In that section I was talking about early console platforms such as the Atari 2600, where the cartridge interface itself had no lockout/authentication mechanism comparable to what Nintendo later did with the 10NES. That is why third-party cartridges could exist and Atari’s main response was legal rather than technical.
What you describe for the Atari 800 is real, but it belongs to a different context: the Atari 8-bit computer line, especially floppy-disk software, where copy-protection tricks such as intentional bad sectors and timing-based checks were indeed common.
So I agree that Atari computer software often used copy protection, but that does not contradict the point I was making about the early console era.
Hi, quick note on "For modern Xbox platforms, public 2024 work exposed SystemOS kernel exploitation on both Xbox One and Xbox Series"
I'm a former Xbox hacker, then former Microsoft employee, and (long after) leaving Microsoft helped with the Collateral Damage post-exploitation payload.
The design of the Xbox One security predates me, but Microsoft has always known that SystemOS would be a weak link that would almost guaranteed to be compromised and shoved most of their attack surface that can be trivially attacked in there. The system shell, 3rd-party apps, guide, etc. all run in SystemOS.
The key things they focused on though were:
1. Extremely strong defense-in-depth
2. Making full or partial exploitation not economical
3rd party apps and the web browser were seen as being obviously untrusted _and_ needed JIT because they'd mostly be based on .NET or the JS VM. But practically speaking there should be nothing interesting in that VM: its compromise shouldn't enable piracy/cheating and ideally shouldn't leak game plaintext.
What some others found though was that for some reason plaintext was actually visible to SystemOS, but didn't enable piracy on console. You can take those games though and run them on PC using XWine1: https://github.com/xwine1
Technically speaking there's no reason why Collateral Damage couldn't have happened waayyyyy earlier in the Xbox One's lifecycle except for motivation. Even still you could probably take some Hyper-V N-day and compromise HostOS through.
Over there years there have been other "exploits" too: some folks have managed to tamper with gamesaves via cloud connected storage and other shenanigans, XSS in the system shell (some of these apps are JS), etc., but most of this was relatively benign and easily patchable. And there has been a very, very small group of people with similar but less capable exploits to Collat.
I find it interesting that all the way back in 1985, in Atari vs NES, we had proof that consumers preferred walled gardens. The walled garden exploded from a completely dead market, while the already-existing open system killed itself.
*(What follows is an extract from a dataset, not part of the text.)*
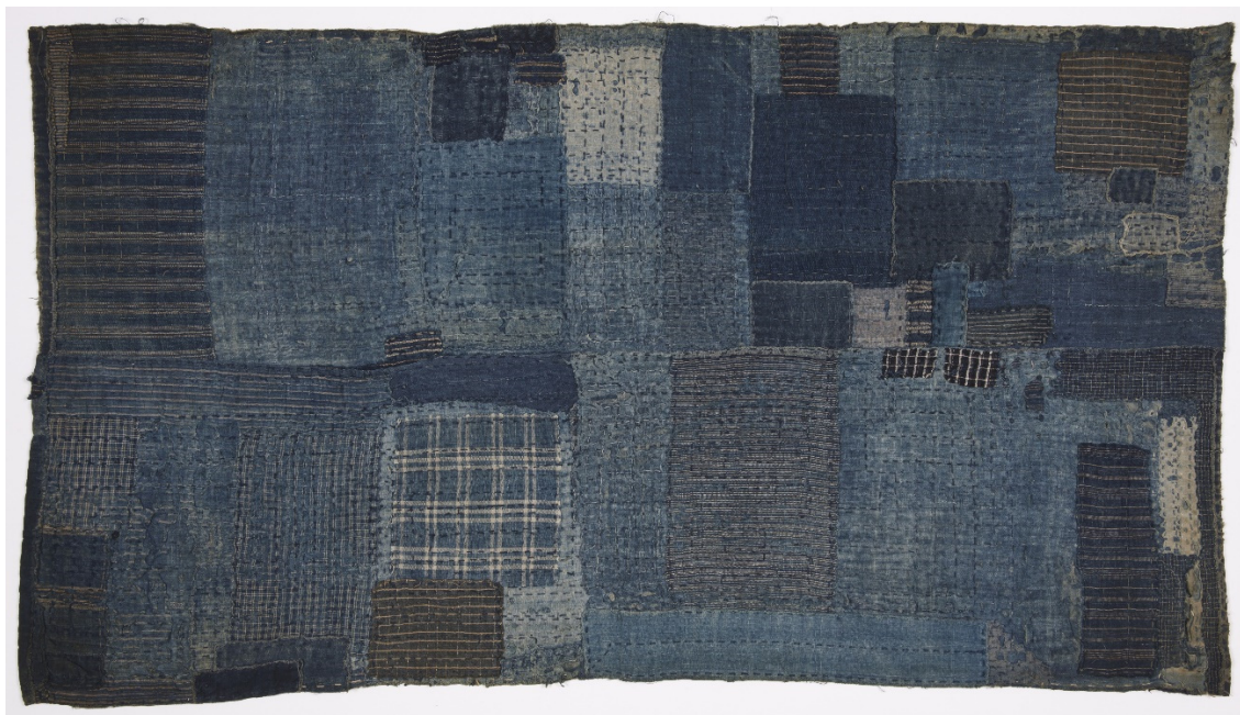
Slika 3 dječja prostirka za spavanje, kasne 1800.

Nakon donesenih klasnih zakona u Japanu, siromašno seosko stanovništvo imalo je pristup samo tkaninama koje su izrađene od konoplje i drugih stabljičnih vlakana, a od boja su imali tonove indiga, sive, smeđe i crne.

Apple proceeded to make a killing of their own on this reality, Microsoft invented a pseudo-walled garden that has become a technical dead end, while FOSS communities are still in denial about how things shouldn't be that way rather than accepting reality and inventing their own curated experience with enforced rules.
I disagree, it wasn't about consumers, but rather other businesses. The walled garden approach Nintendo took in America was needed to convince retailers to stock video games on store shelves again. And of course the Famicom didn't have that same approach, and while Nintendo hated the fact third parties could easily make Famicom carts, the open nature of the system certainly didn't hurt it in Japan.
I think consumers chose quality and convenience. It just so happens that the walled garden is the easiest way to accomplish this. Electronics, especially computers, were extremely expensive back then. I can't blame people for buying a console that just works. Compatibility was an issue well into the late 90s because so many people didn't know how computers worked.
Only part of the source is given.